I whirled, daggers appearing in my hands. “DEMYX!”
He was gone, the last vestige of a dark corridor closing. I ground my teeth and let my daggers vanish. That idiot’s teasing was going to get him killed. Probably by me but maybe by Saïx if he caught wind of it.
I rolled my eyes and went back through the halls to Saïx’s room. It was slightly ajar and the light was on. He’d returned from his meeting with Xemnas apparently. “Saïx?” I called, knocking on the frame and pushing the door open. “I was wondering if you would let me edit my mission report from yester—OH GOSH SORRY!” I clapped one hand over my eyes.
Saïx was standing at his window without any sort of shirt on. He had on his uniform trousers but that was it. His blue hair was lying, damp, down his back, looking like he’d just finished combing through it.
“I did knock!” I squeaked, trying not to peek between my fingers.
“Yes. I heard you. Are you feeling embarrassed?” Saïx asked.
“No,” I said. “I don’t feel anything. But it’s rude and indecent of me to—”
“Staxar. Enough. What were you here for?”
I cleared my throat. “I think I forgot some details in my mission report from yesterday,” I said. “I was wondering if I could make sure and edit it.”
“Of course,” Saïx said. He crossed to his desk—he was like the only member of the Organization who had a desk in his room—and pulled open one of the drawers. It was full of files. He rifled through it and then handed me my report.

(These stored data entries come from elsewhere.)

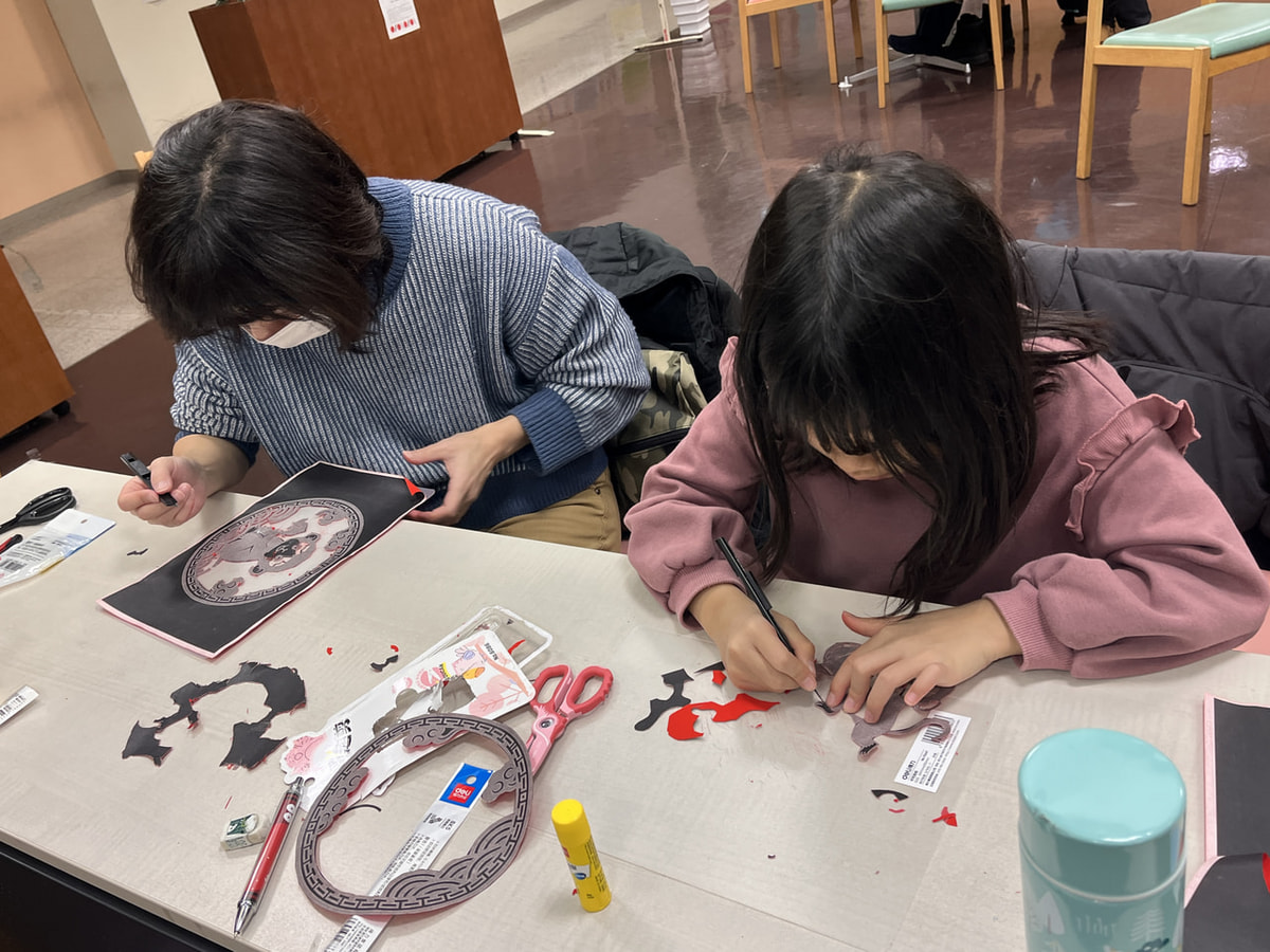自分の干支がデザインされた台紙を選びカッターで図案を切り抜きます🐉🐵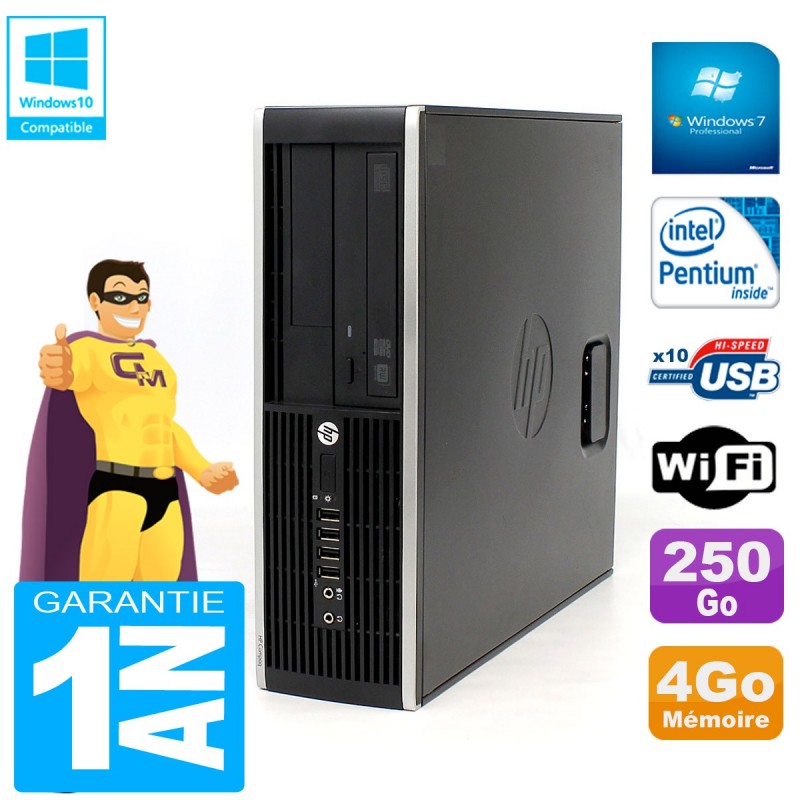 PC HP Compaq Pro 6200 SFF - Intel G840 - 4Go DDR3 - Disque Dur 250 Go - Graveur DVD - Clé WIFI USB - Windows 7 Pro - Garantie = 1 an.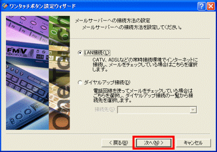 「ダイヤルアップ接続」をクリックした場合は「接続先」欄も選択します。 - 「次へ」ボタンをクリックします。

“Thanks. I’ll bring it right—”
He offered me a pen. “Just go through it here,” he said, cutting me off.
I cleared my throat and accepted the pen before leaning over his desk to glance through it and make sure I had everything in it. I tried really hard not to peek at Saïx while I looked through my report but it was kinda hard not to as he still hadn’t put a shirt on. I had known him for most of my life at this point and had never once seen him without one apart from right now.
He and Axel were built similarly—with Axel being slightly skinnier—but Saïx had more bulk. His muscles were the lean-and-wiry kind while still being whipcord strong. Because how else was he supposed to wield that giant claymore? He wasn’t as obviously-bulky as Lexaeus and Xaldin but he had definition.
If I still had a heart I’d probably be uncomfortable.
I chewed my lip hard and focused on my work. There were a few details I’d left out that I quickly added back in. When I was done I handed the papers back to Saïx. “Done. Thanks.”
“Of course. I appreciate your endeavors to be accurate.”
“Yeah. Uh... thanks. No problem.” I nodded and moved to leave.
“Staxar?” Saïx asked.
“Hmm?” I didn’t trust myself to turn around because I’d probably be too distracted to meet his eye, so I faced the door.
“I heard you and Demyx talking.”
“He was just joking around. You know how he is,” I said, gaze focused on the door.
Saïx’s hand rested on my shoulder. “Staxar we were children when we joined the Organization.”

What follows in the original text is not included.